→ WHAT YOU NEED TO DO: Take the entries below and reproduce exactly the portion that begins at the line containing "Versace New Arrival" and ends at the line containing "i.Pet Cat Tree", keeping both ends, dropping pictures, and adding nothing else.
[DATA TO EXAMINE Boundary: Start]
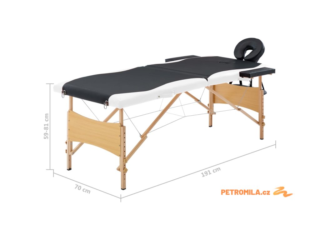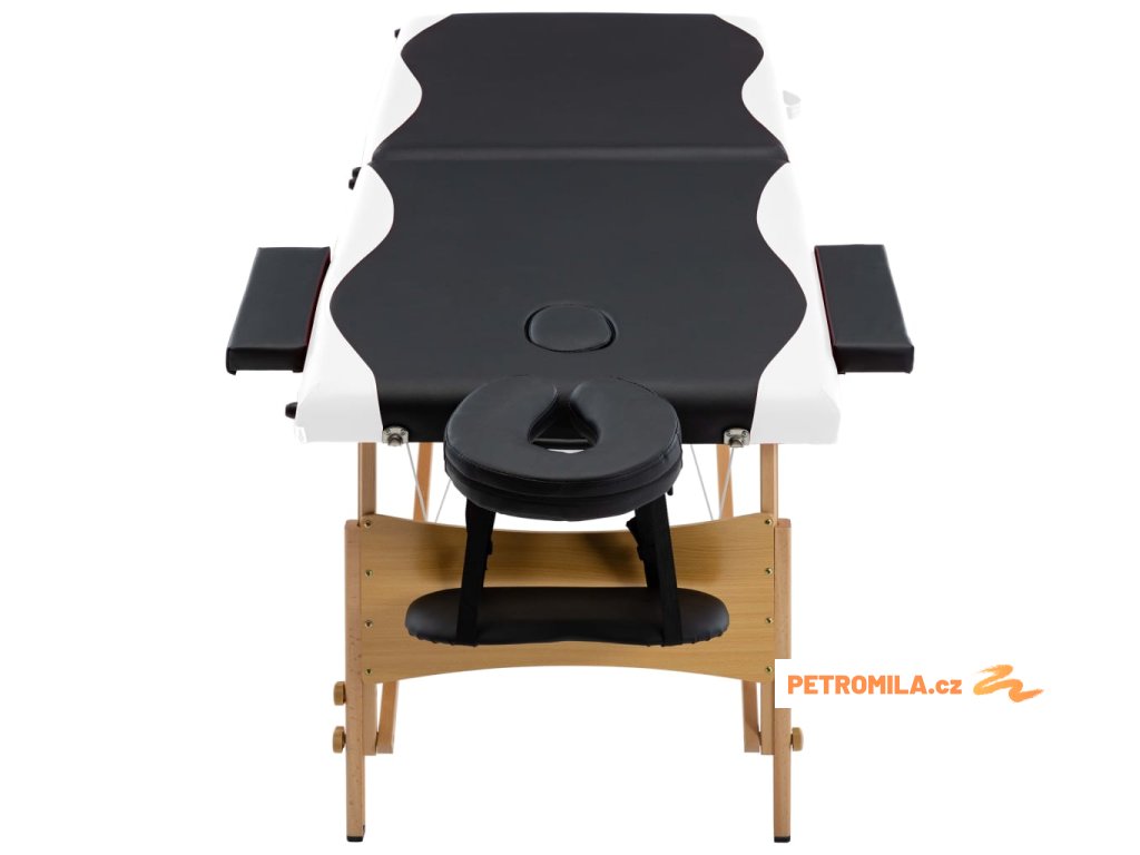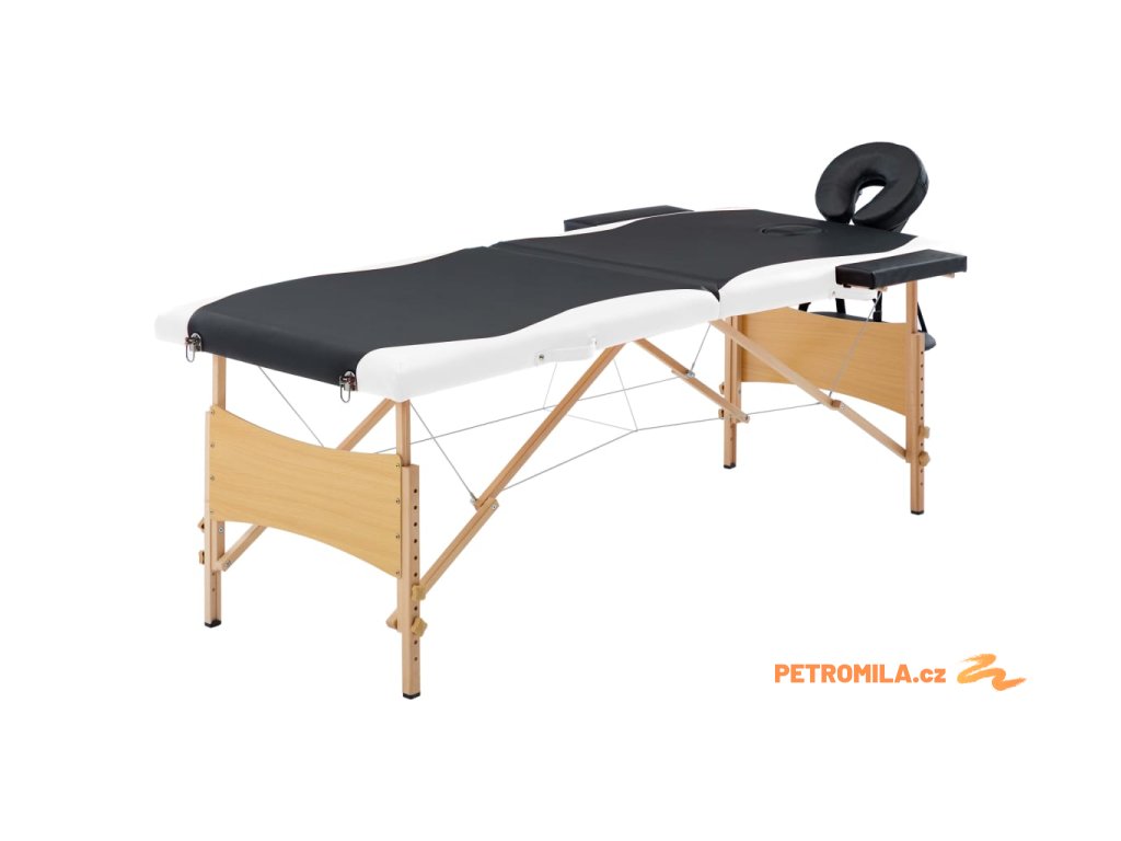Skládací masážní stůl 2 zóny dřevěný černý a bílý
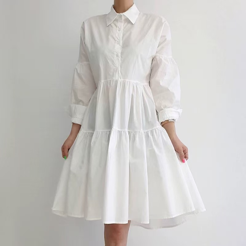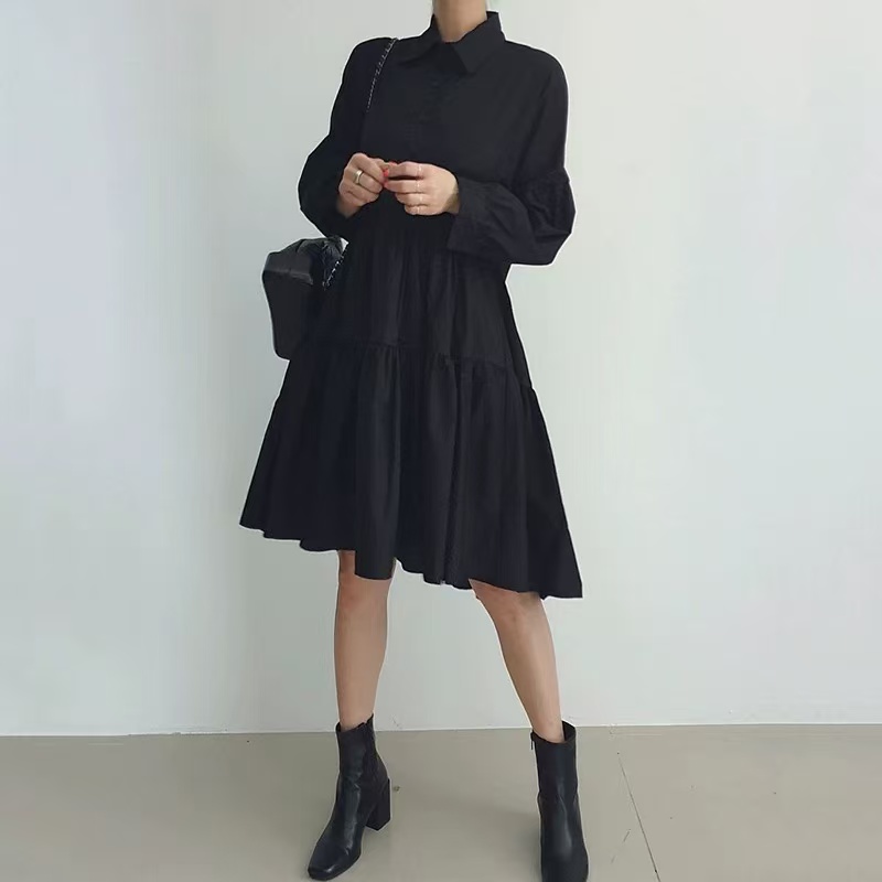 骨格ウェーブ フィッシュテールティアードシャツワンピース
[DATA TO EXAMINE Boundary: End]
[DATA TO EXAMINE Boundary: Start]
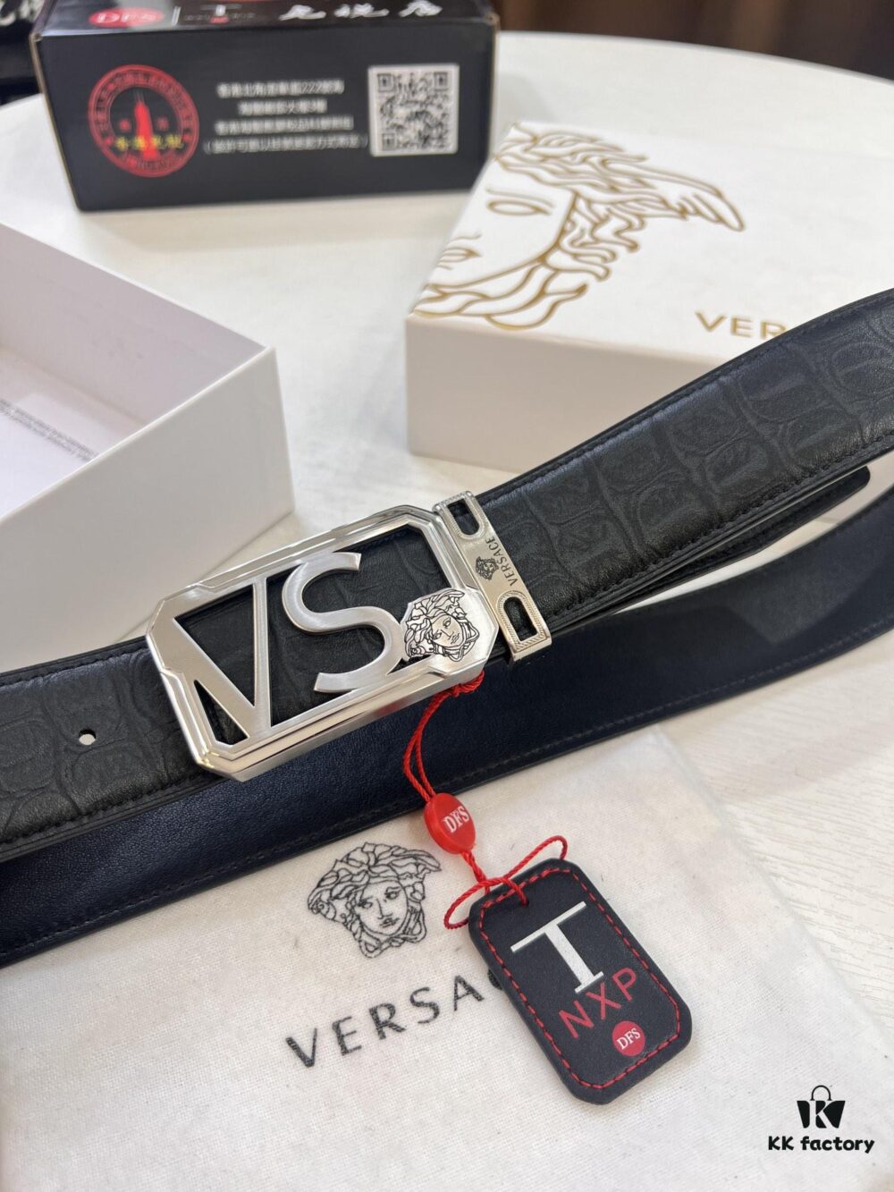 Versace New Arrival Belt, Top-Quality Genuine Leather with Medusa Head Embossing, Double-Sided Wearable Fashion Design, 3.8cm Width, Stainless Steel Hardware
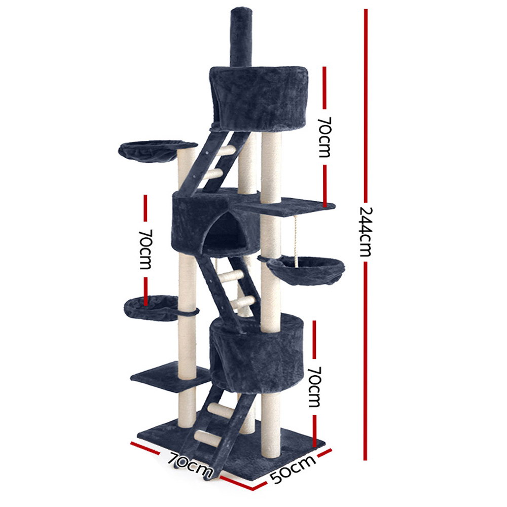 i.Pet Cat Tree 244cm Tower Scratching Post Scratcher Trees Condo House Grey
[DATA TO EXAMINE Boundary: End]
→ ANSWER:
 Versace New Arrival Belt, Top-Quality Genuine Leather with Medusa Head Embossing, Double-Sided Wearable Fashion Design, 3.8cm Width, Stainless Steel Hardware
 i.Pet Cat Tree 244cm Tower Scratching Post Scratcher Trees Condo House Grey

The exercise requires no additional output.